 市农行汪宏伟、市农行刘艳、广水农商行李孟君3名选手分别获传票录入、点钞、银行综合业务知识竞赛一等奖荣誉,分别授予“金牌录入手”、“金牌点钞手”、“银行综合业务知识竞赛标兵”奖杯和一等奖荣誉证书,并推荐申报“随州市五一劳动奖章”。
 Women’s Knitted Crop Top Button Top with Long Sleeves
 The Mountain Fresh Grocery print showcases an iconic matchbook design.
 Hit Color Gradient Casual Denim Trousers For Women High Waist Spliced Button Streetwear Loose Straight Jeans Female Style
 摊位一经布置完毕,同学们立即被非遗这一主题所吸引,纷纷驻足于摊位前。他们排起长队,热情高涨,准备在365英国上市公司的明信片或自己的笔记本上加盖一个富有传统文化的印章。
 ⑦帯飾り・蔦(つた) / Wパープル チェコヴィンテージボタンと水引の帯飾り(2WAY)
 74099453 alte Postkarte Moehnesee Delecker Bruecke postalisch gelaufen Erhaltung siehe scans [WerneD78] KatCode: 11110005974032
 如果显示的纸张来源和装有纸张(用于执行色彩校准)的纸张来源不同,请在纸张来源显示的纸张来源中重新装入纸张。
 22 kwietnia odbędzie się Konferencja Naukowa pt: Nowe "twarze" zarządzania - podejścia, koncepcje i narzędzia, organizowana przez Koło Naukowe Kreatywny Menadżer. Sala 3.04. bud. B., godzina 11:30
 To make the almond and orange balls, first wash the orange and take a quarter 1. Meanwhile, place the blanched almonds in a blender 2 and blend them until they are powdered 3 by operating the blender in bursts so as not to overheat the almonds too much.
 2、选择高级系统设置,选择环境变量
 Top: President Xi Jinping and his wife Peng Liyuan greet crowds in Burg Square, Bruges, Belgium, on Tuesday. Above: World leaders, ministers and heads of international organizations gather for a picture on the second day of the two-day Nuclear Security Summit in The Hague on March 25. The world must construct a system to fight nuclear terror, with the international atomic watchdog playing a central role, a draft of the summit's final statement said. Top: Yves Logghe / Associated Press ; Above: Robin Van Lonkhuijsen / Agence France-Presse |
==========
### DIRECTIONS FOR THIS TASK
Copy out, exactly and alone, the lines of the entries above between the ones holding "The Mountain Fresh" and "⑦帯飾り・蔦(つた) / Wパープル チェコヴィンテージボタンと水引の帯飾り(2WAY)", inclusive.

### ANSWER BOX
 The Mountain Fresh Grocery print showcases an iconic matchbook design.
 Hit Color Gradient Casual Denim Trousers For Women High Waist Spliced Button Streetwear Loose Straight Jeans Female Style
 摊位一经布置完毕,同学们立即被非遗这一主题所吸引,纷纷驻足于摊位前。他们排起长队,热情高涨,准备在365英国上市公司的明信片或自己的笔记本上加盖一个富有传统文化的印章。
 ⑦帯飾り・蔦(つた) / Wパープル チェコヴィンテージボタンと水引の帯飾り(2WAY)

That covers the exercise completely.